TASK STATEMENT -
From the line that has "Bezahlbare Mieten nur" down to the last line of the data below, set down every line exactly, but none of the pictures.

GIVEN DATA -
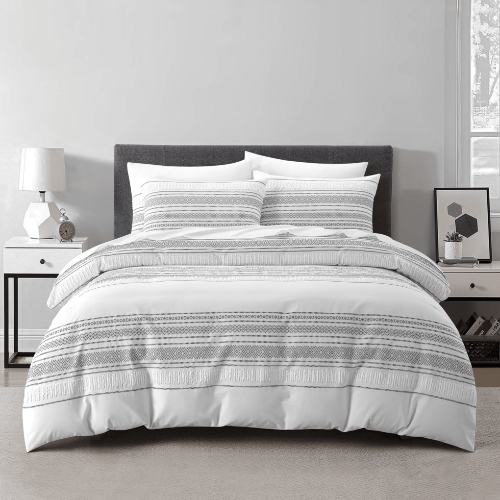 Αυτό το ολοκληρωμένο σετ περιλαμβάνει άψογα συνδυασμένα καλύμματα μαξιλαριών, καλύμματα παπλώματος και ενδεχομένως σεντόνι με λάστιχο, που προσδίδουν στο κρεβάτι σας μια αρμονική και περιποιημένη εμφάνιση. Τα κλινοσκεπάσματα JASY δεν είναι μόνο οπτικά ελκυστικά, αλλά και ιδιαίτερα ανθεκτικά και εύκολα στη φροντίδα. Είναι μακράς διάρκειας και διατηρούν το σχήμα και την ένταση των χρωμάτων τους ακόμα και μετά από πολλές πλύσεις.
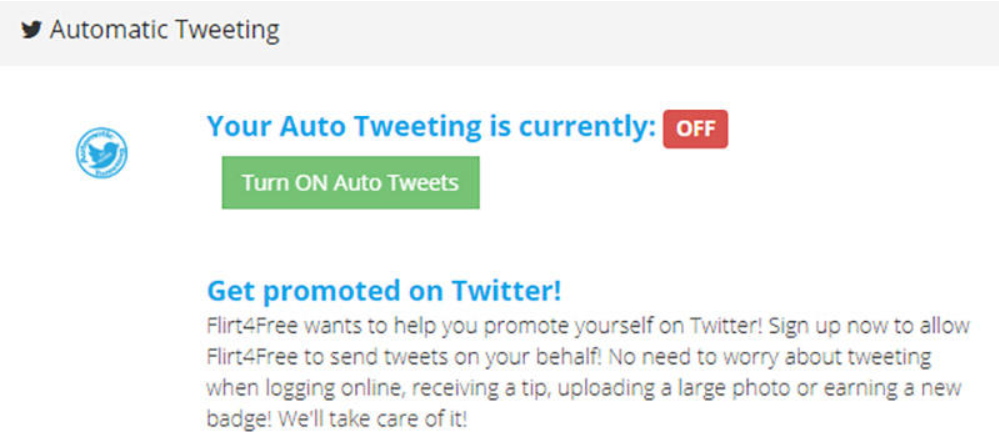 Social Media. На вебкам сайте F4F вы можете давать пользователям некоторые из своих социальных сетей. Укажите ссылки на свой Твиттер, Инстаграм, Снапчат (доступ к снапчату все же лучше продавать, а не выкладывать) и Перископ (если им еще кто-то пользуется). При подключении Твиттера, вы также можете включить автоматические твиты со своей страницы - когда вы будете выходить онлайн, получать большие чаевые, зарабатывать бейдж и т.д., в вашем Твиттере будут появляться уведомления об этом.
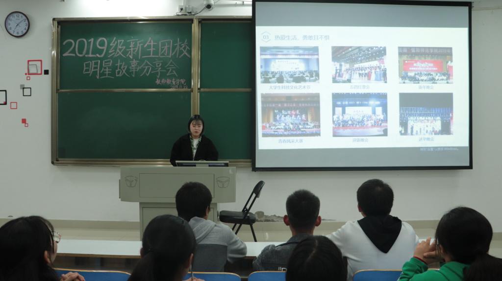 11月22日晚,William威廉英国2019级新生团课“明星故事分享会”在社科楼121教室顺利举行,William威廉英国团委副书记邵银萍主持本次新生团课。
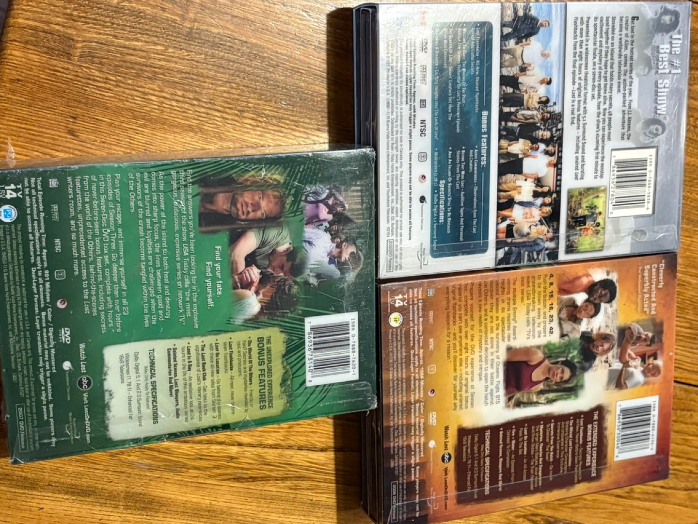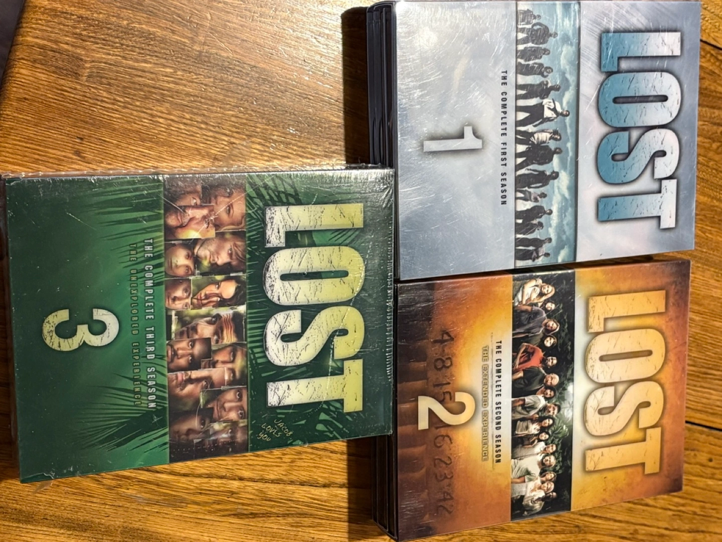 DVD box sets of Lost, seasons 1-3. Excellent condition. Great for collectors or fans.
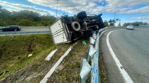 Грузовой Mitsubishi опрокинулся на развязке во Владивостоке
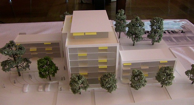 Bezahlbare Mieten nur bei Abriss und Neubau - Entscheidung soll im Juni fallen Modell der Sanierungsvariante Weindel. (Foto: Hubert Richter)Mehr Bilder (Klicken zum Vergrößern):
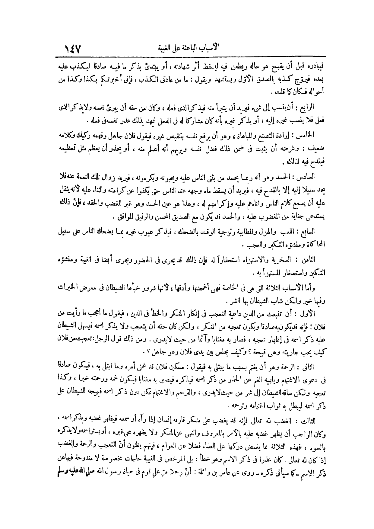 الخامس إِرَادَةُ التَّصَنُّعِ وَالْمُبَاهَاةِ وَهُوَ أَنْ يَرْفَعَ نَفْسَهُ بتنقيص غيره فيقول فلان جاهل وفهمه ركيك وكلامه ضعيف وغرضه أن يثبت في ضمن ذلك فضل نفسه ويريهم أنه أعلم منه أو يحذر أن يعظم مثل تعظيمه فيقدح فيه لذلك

ANSWER AREA -
 Bezahlbare Mieten nur bei Abriss und Neubau - Entscheidung soll im Juni fallen Modell der Sanierungsvariante Weindel. (Foto: Hubert Richter)Mehr Bilder (Klicken zum Vergrößern):
 الخامس إِرَادَةُ التَّصَنُّعِ وَالْمُبَاهَاةِ وَهُوَ أَنْ يَرْفَعَ نَفْسَهُ بتنقيص غيره فيقول فلان جاهل وفهمه ركيك وكلامه ضعيف وغرضه أن يثبت في ضمن ذلك فضل نفسه ويريهم أنه أعلم منه أو يحذر أن يعظم مثل تعظيمه فيقدح فيه لذلك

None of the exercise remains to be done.